Why Russia’s elites have tolerated Putin’s intolerable behavior
“The temptation of our day is to accept the intolerable, for fear of still worse to come,” wrote German politician Hermann Rauschning in his prescient 1939 book, “The Revolution of Nihilism.” Today, this formulation is useful in understanding the reaction by Russia’s elites to President Vladimir Putin’s war on Ukraine, as well as the West’s response to it.
Almost all of Russia’s senior administrative, political and military elite had several days’ notice of Putin’s pending decision to invade Ukraine. Of those who did, very few publicly warned Putin about the folly of his plan. The overwhelming majority remained silent then and continued to do so after the ill-fated invasion took place.
As the war progressed, the list of seemingly “intolerable” things grew, but each was accepted in turn by those who could collectively decide Russia’s future. That sordid list is exceedingly long.

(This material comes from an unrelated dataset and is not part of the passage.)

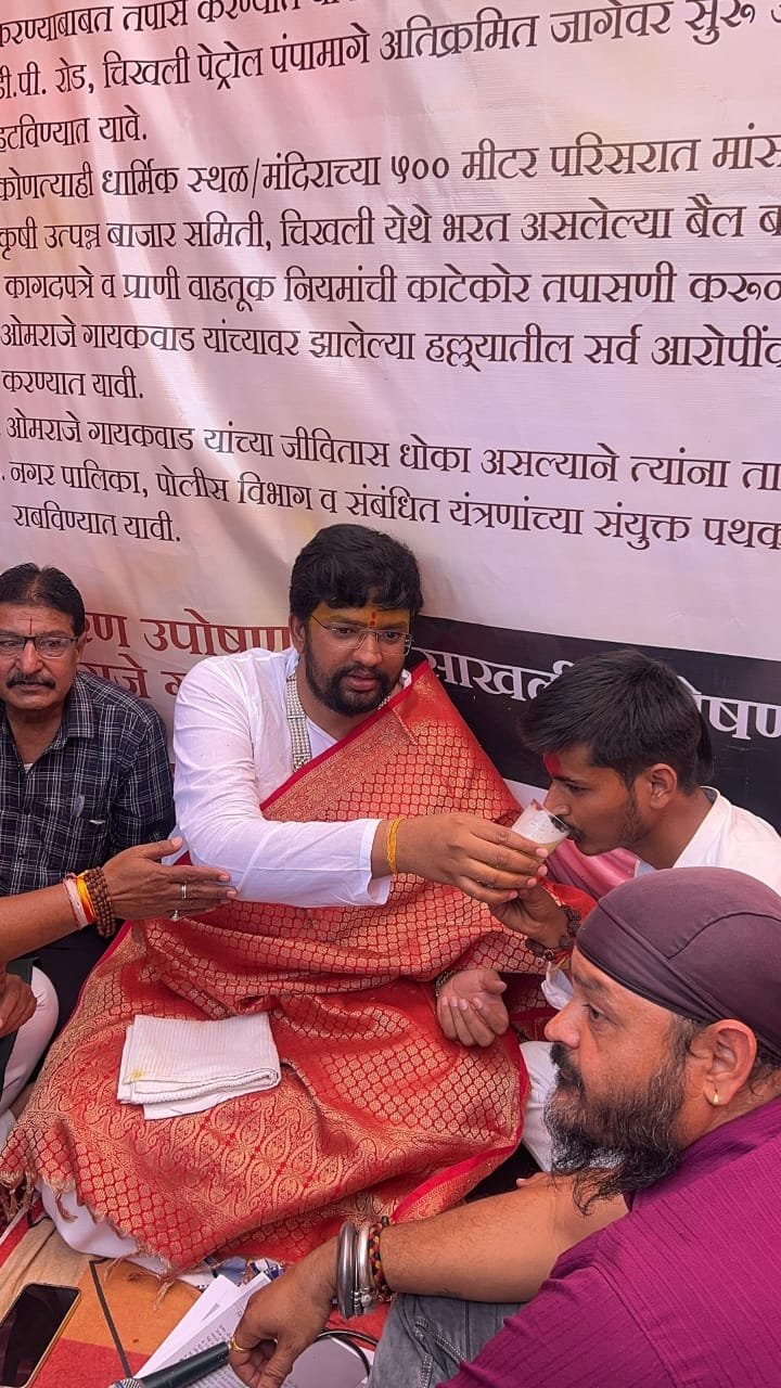 गौसेवा संरक्षणासाठी श्री ओम राजे गायकवाड व त्यांच्या सहकाऱ्यांकडून तहसील कार्यालयासमोर आमरण उपोषण सुरू होते. चिखली शहरात अवैध गौकत्तल थांबवावी, गौमांस विक्रीवर बंदी आणावी तसेच दोषींवर कठोर कारवाई करावी, या प्रमुख मागण्या आंदोलनकर्त्यांनी मांडल्या होत्या.

It includes first the conseqent sanctions against Russian elites, which have reduced their fortunes and prevented them and their families from enjoying a life of luxury in the West. It includes the irreversible loss of Russia’s petroleum market share in Europe and the political influence that came with it.
It includes the loss of European hearts and minds, as a large majority of Europeans turned against Russia. This has resulted in a larger, better-funded, and more united NATO on the one hand, and weakened Russian economic and military capabilities on the other.
It brought about the triple humiliation of relying upon North Korea and Iran for weapons and ammunition; the failure to gain territory as Putin planned and to defeat Europe’s poorest country; and the resulting negative reputation earned by Russian arms, with collateral effects on future arms sales.
Finally, for many of Russia’s elites, it has resulted in many of their personal acquaintances, both Ukrainian and Russian, being tortured, maimed, or killed as a result of the conflict.
The acquiescence of Russia’s most prominent citizens to these deeply adverse outcomes can be explained in a number of ways. Perhaps they thought that if they stayed on the sidelines or publicly supported the war then problems with Russia’s “special military operation” would resolve themselves. Perhaps they expected some kind of face-saving outcome that would allow the Kremlin to declare victory.
Or maybe they believed that if Russia were seen to lose the war, then independence movements and perhaps even civil strife could threaten the Russian Federation and Russia’s standing in the world.
Whatever the reasons, their collective silence has been deafening. It has also been a boon to Putin, who views it as approval of his neo-imperial agenda of conquest in Ukraine and possibly beyond.
But such tolerance is not infinite. Should it ever become apparent that the West will neither tire of supporting Ukraine nor make it impossible for Putin to declare victory, Russia’s elites (or some of them) may conclude that Putin must go. They may choose to stop the war to prevent further damage to their country and to their own personal interests.
Putin, for his part, understands this state of affairs very well, and has been waging a concerted campaign of growing domestic repression in order to avoid such a fate.
Western powers, in turn, are engaging in very much the same mental exercise. To be sure, Ukraine would not have survived to this point without western aid. But by failing to provide Kyiv with sufficient arms to protect its citizenry and regain its territory in a timely fashion, the U.S. and Europe have raised Russia’s hopes that its rogue behavior — including nuclear blackmail, the killing, torture and rape of civilians, and the kidnapping and relocation of children — could become normalized in some fashion.
That is a very dangerous situation. Holding back support of aid to Ukraine for fear of worse to come from Russia is a surefire way to ensure that Moscow presses its advantage and engages in still more rogue behavior.
To the contrary, the West now has the opportunity to teach Russia’s too-passive elites an important lesson: If something is truly intolerable, one must oppose it aggressively.
Herman Pirchner Jr. is president of the American Foreign Policy Council in Washington.